- Interactive map of Dighori
- Coordinates: 20°53′10″N 79°56′03″E﻿ / ﻿20.8862°N 79.9342°E
- Country: India
- State: Maharashtra
- Region: Vidarbha
- District: Bhandara
- Taluka: Lakhandur

Government
- • Type: Gram Panchayat

Languages
- • Official: Marathi
- Time zone: UTC+5:30 (IST)
- PIN: 441805
- Telephone code: +917181
- Vehicle registration: MH-36
- Nearest city: Lakhandur
- Lok Sabha constituency: Bhandara-Gondiya (Lok Sabha constituency)
- Vidhan Sabha constituency: Sakoli (Vidhan Sabha constituency)

= Dighori =

Dighori is a village in the Lakhandur Taluka of Bhandara District in Maharashtra, India.
Dighori Mothi is a village located in the Lakhandur Taluka of Bhandara District in Maharashtra, India. The village falls under the jurisdiction of the Dighori Gram Panchayat.

== Geography ==
Dighori Mothi covers a total area of approximately 1,334.6 hectares (13.34 km^{2}). The village is located at a latitude of 20.8869910005 and a longitude of 79.9308426475.

== Demographics ==
As per the 2011 Census of India, Dighori Mothi has a total population of 5,728 individuals, with an almost equal gender distribution:
- Male Population: 2,861
- Female Population: 2,867
- Sex Ratio: Approximately 100 females for every 100 males
- Literacy Rate: 72.1%

== Administration ==
Dighori Mothi is governed by the Dighori Gram Panchayat. The administrative details are as follows:

- Taluka: Lakhandur
- District: Bhandara
- Pincode: 441805

== Economy ==
The village's economy is primarily driven by agriculture, covering approximately 1,625 acres of farmland. Major crops is rice, corn, and vegetables. Additionally, self-help groups (SHGs) and small-scale businesses contribute to economic activities.

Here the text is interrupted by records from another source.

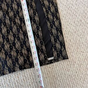 Lulu’s Embrace the Evening Gold and Black Lace-Up Lace Midi Dress
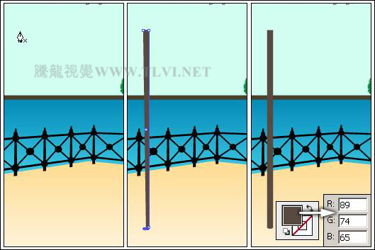 (5)下面绘制护栏。使用"钢笔"工具,在页面中多次单击绘制直线图形,并设置图形的颜色,如图3-196所示。
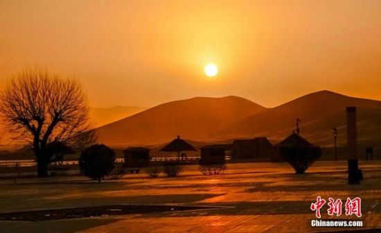 敦煌鳴沙山月牙泉羊年首日晨景醉游人
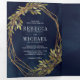 Rustic Botanical Olive Branch Navy Blue Wedding Tri-Fold Invitation
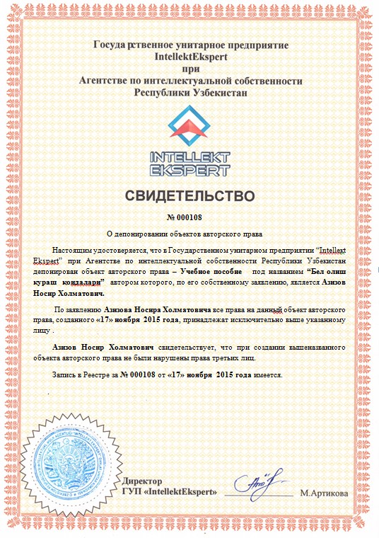 | 10056 | №000107 | Учебное пособие-“Боғдан дастурхонгача” усулининг самарадорлигини оширишда синергетик самарадан фойдаланиш йўллари” | Пардаев Олим Мамаюнксович. | Пардаев Олим Мамаюнксович. | 11/17/2015 | ![]() |
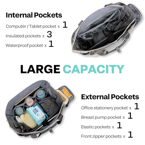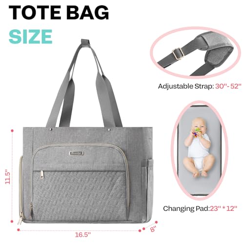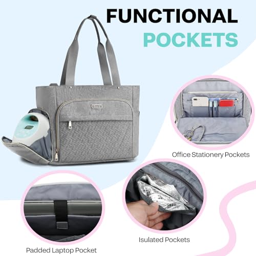 Beaulyn Diaper Bag Tote,Breast Pump Bag with 15.6 Inch Laptop Sleeve for Women Working Moms,Travel Baby Bag with Changing Pad Isulated Pockets
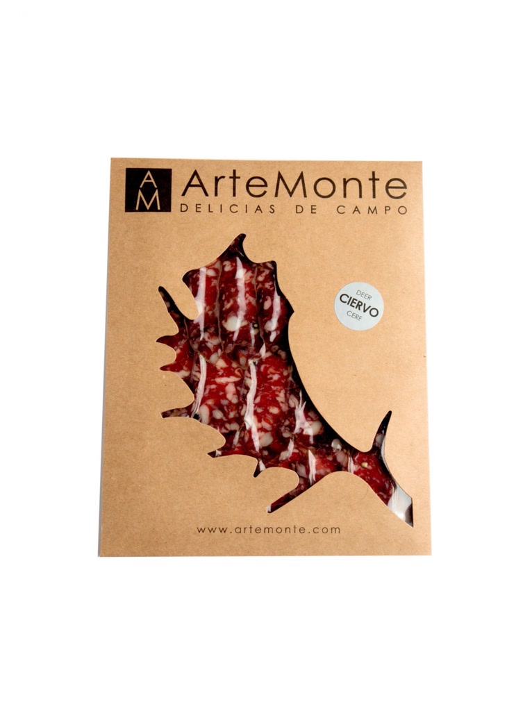 Salchichón de ciervo elaborado de forma artesanal con refinadas especias naturales, siguiendo las recetas tradicionales de sierra morena. Un embutido gourmet con sello de calidad artemonte.
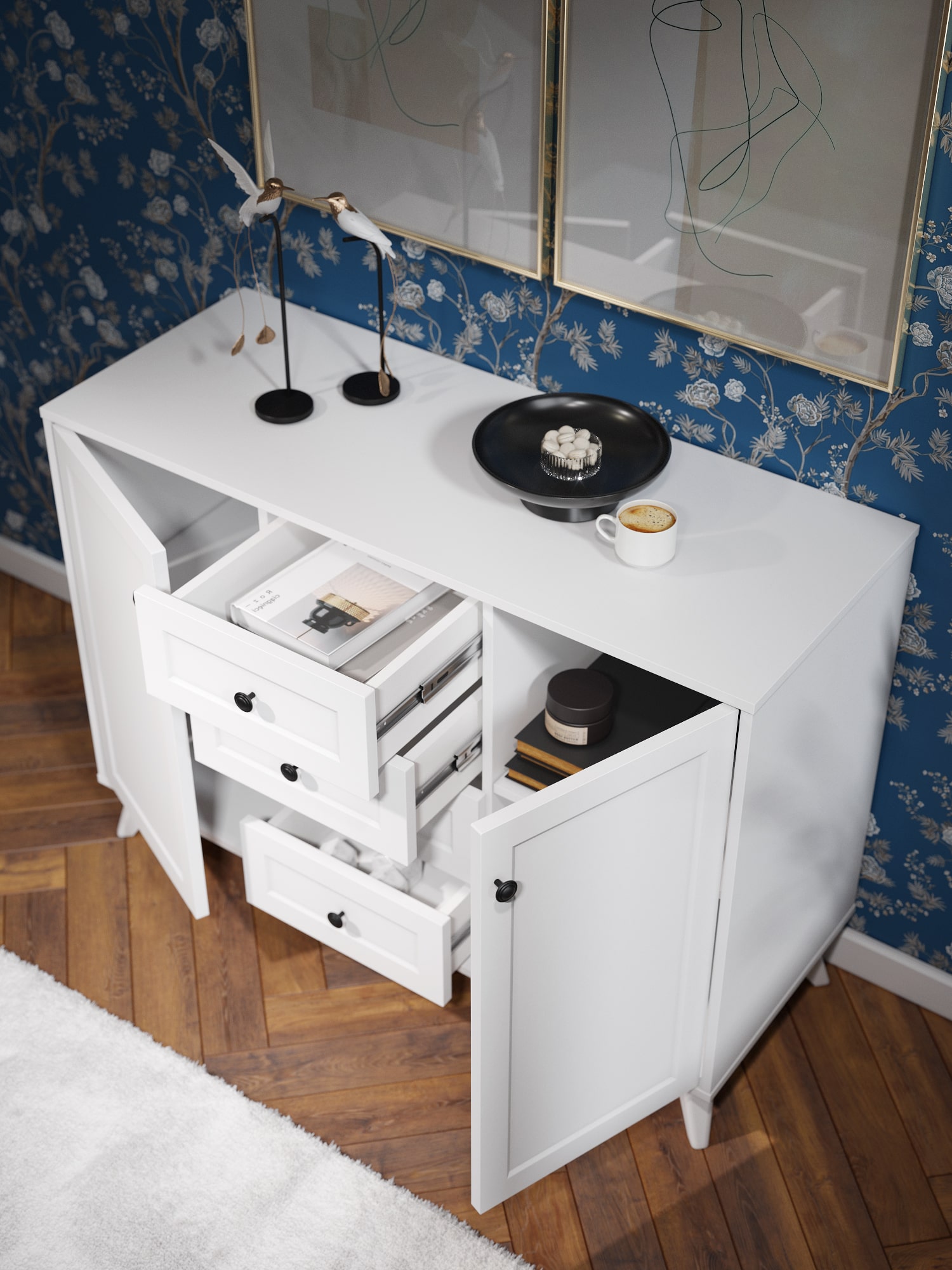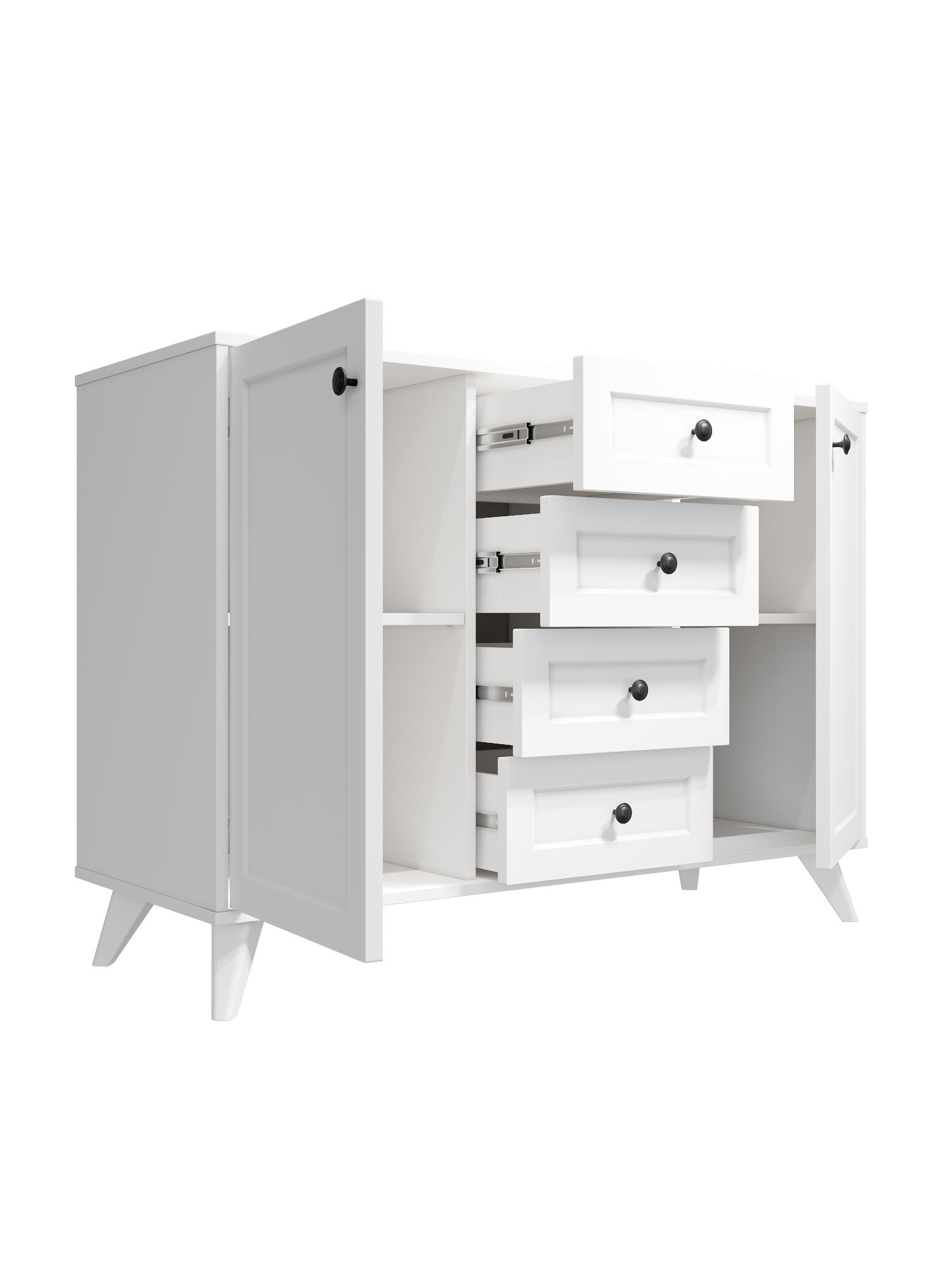 4 выдвижных ящика на телескопических направляющих полного выдвижения

== Educational Facilities ==
Dighori Mothi hosts several educational institutions, including:

- Pre-primary Schools: 6 government schools
- Primary Schools: 3 government schools
- Middle Schools: 2 government and 1 private school
- Secondary Schools: 2 government schools
- Senior Secondary Schools: 2 government schools
- Degree Colleges: 1 private arts and science colleges

== Healthcare Facilities ==
The village has various healthcare services, including:

- A Primary Health Centre with 2 doctors and 10 paramedical staff
- A Veterinary Hospital

== Transportation and Connectivity ==

Dighori Mothi is connected via public and private bus services. The nearest railway station is over 18 kilometers away. Postal services are provided through the Dighori Sub Office with the PIN code 441805.